What to do => When you reach the line below that has "THE NRHS BOYS", start returning lines exactly, and stop after the line that has "- rózsaszín nyuszis"; skip the pictures.

[Data supplied — start]

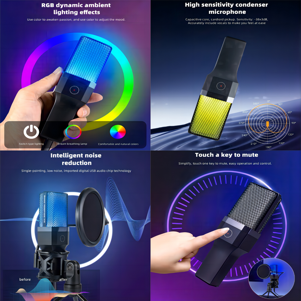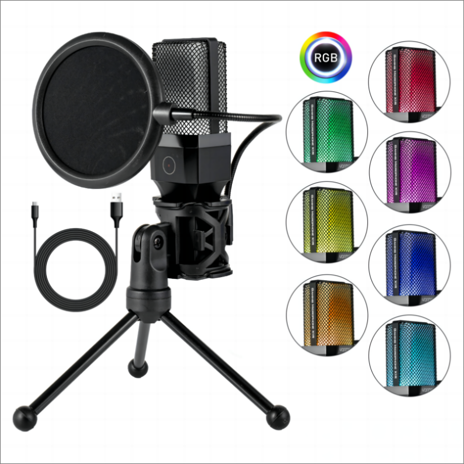Micro USB, Avec LED lumières, Avec éclairage RVB, Microphone à condensateur, Léger, Réduction de bruit
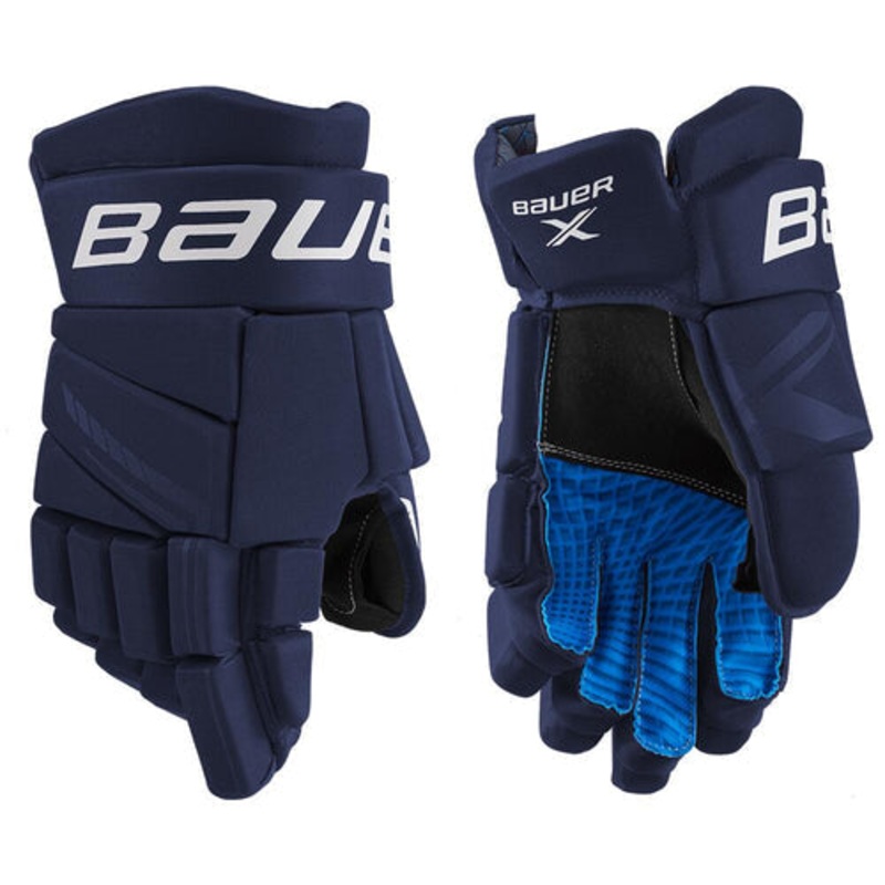 The Bauer X Hockey Glove is a recreational level glove that features MD foam with PE inserts in the backhand and fingers with a 2-piece flex thumb. Key upgrades include a TAKTILE palm and sublimated liner.
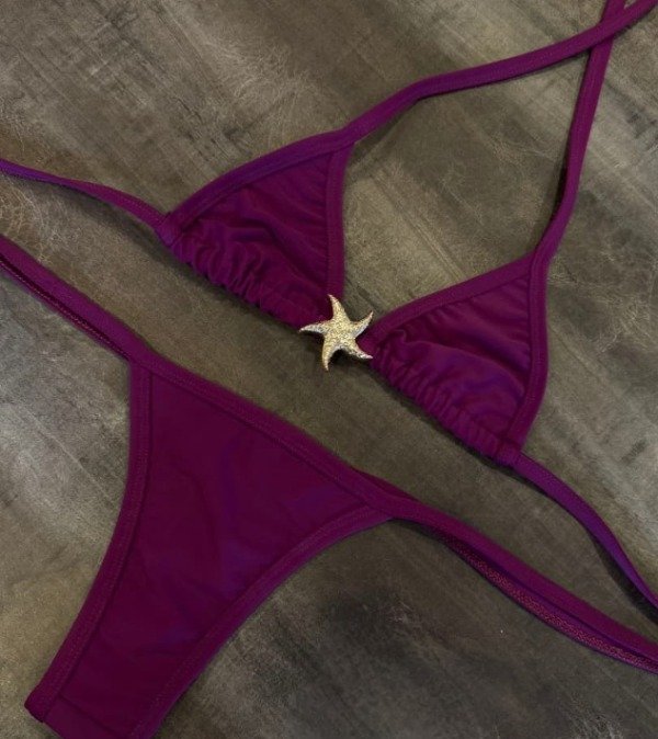Confeccionada en lycra pesada de colores lisos. El top es un triangulito corredizo, realizado con un avío metálico en forma de ESTRELLA. La bombi es estilo colales de laterales finos y para atar.
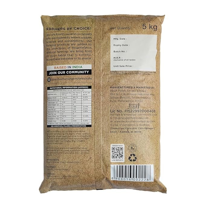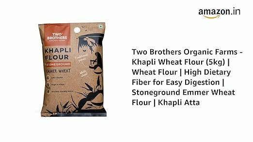 Two Brothers Organic Farms – Khapli Wheat Flour (5kg) | High Dietary Fiber for Easy Digestion | Stoneground Emmer Wheat Atta | Khapli Atta
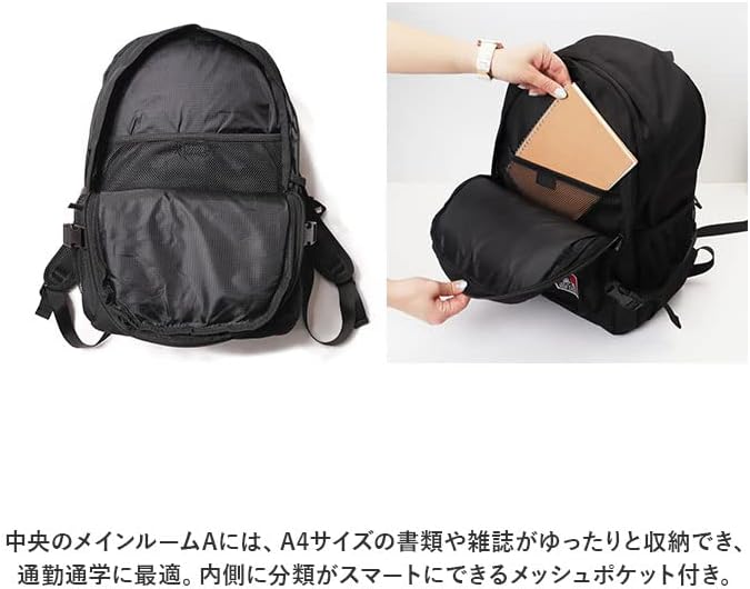 普段使いはもちろん、タウンユースからレジャーシーンまで活躍する機能的なデイパック。高い収納力を備え、荷物が多い日の移動も楽々! さらに、背中や肩に触れる部分にはメッシュ素材を使用し、通気性に優れ蒸れを軽減してくれます。メインルームはB4サイズ対応で、フロントの広々としたポケットにより荷物の仕分け収納が可能なデザイン。内装にはクッション性に優れたPC収納部を装備しており、デバイスにもばっちり対応! 外側には大小様々なポケットを設け、細かくアイテム管理できるデザインに仕上がっています。
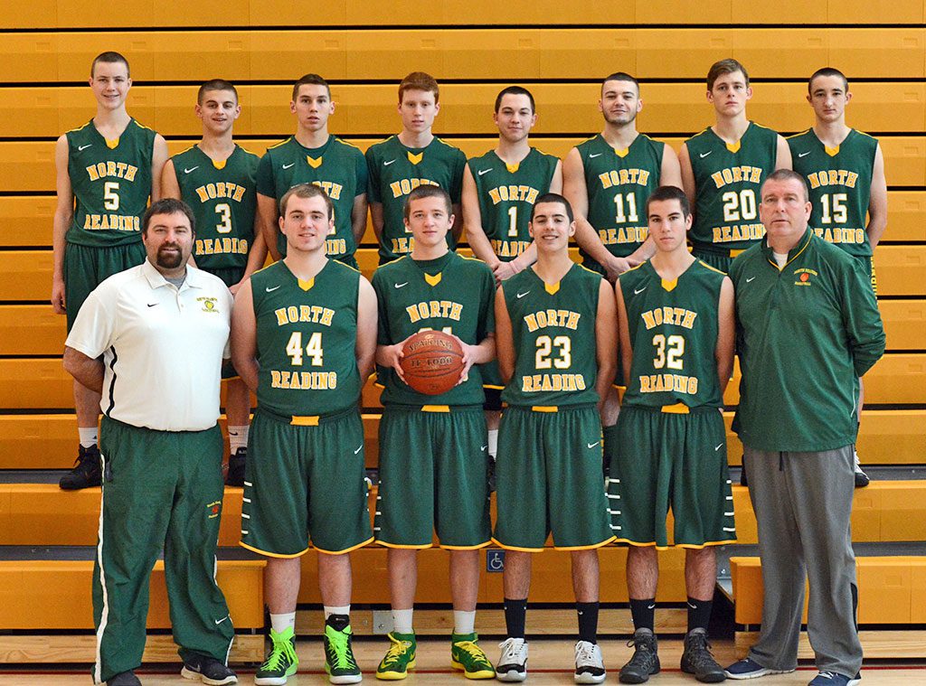 THE NRHS BOYS VARSITY 2015 basketball team. Front row, from left: Assistant Coach Mark Bisognano, Nic O’Connell, Adam Goldstein, Derek Hogan, Tom Lewis, Coach Joe Casey. Second row, from left: Justin Dorosh, Anthony Eldridge, Shane Bartlett, Nate Dionne, Sean Castro, Billy Brandano, Patrick Riley, Peter Walsh. (Deanna Castro Photo)
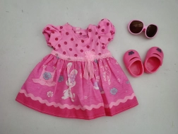 - rózsaszín nyuszis ruha, cipőcskék, napszemüveg
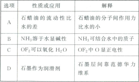2.A 石蜡油的成分主要是高碳烷烃,相对分子质量大,分子间作用力大,导致粘度大,因此石蜡油流动性比水小的原因是分子间作用力比水分子间作用力大,A错误;$NH_{3}$中N有一对孤电子对,能与水提供的$H^{+}$结合,从而释放$OH^{-}$,因此$NH_{3}$溶于水显碱性,B正确;F的电负性大于O,$OF_{2}$中F显负电性,O显正电性,$H_{2}O$中O显负电性,$H_{2}O$中O容易转移电子给$OF_{2}$中O,因$OF_{2}$可以氧化$H_{2}O$,C正确;石墨是层状结构,石墨层间靠范德华力维系,范德华力较弱,导致层与层之间容易滑动,故石墨具有润滑性,D正确;答案选A。
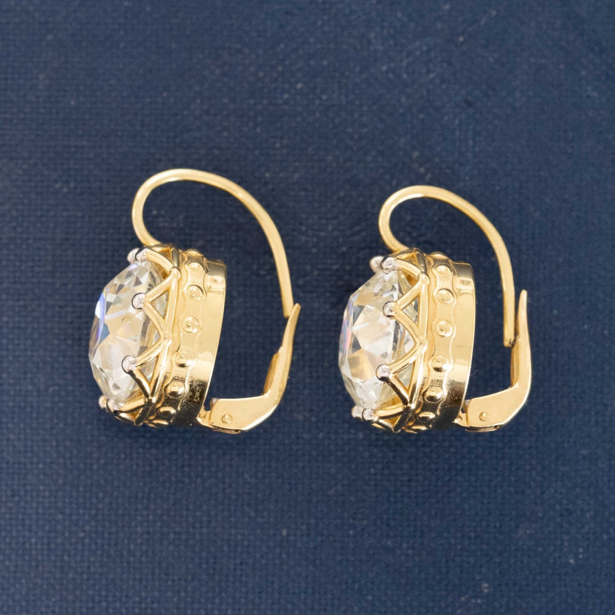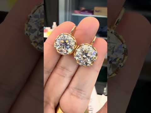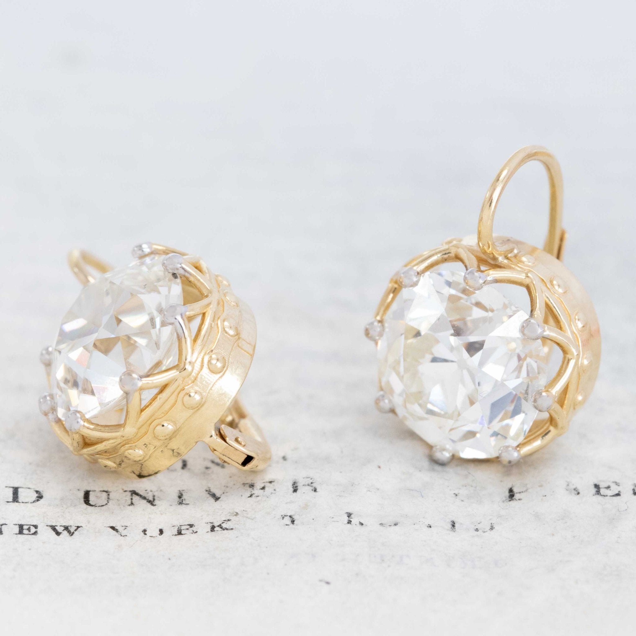 Yes, yes, you read that correctly - 14.20ctw. Over 14 carats of old mine-cut deliciousness, set in 18kt yellow gold with open-gallery metalwork and white gold prongs that help make these big diamonds look even bigger. They’re set in lever backs for both comfort and security, and the stones themselves are magnificent. Bright, prismatic, and the fieriest little (large?) orbs you ever did see. Incredible doesn’t do them justice.

[Data supplied — finish]

Answer to this exercise =>
 THE NRHS BOYS VARSITY 2015 basketball team. Front row, from left: Assistant Coach Mark Bisognano, Nic O’Connell, Adam Goldstein, Derek Hogan, Tom Lewis, Coach Joe Casey. Second row, from left: Justin Dorosh, Anthony Eldridge, Shane Bartlett, Nate Dionne, Sean Castro, Billy Brandano, Patrick Riley, Peter Walsh. (Deanna Castro Photo)
 - rózsaszín nyuszis ruha, cipőcskék, napszemüveg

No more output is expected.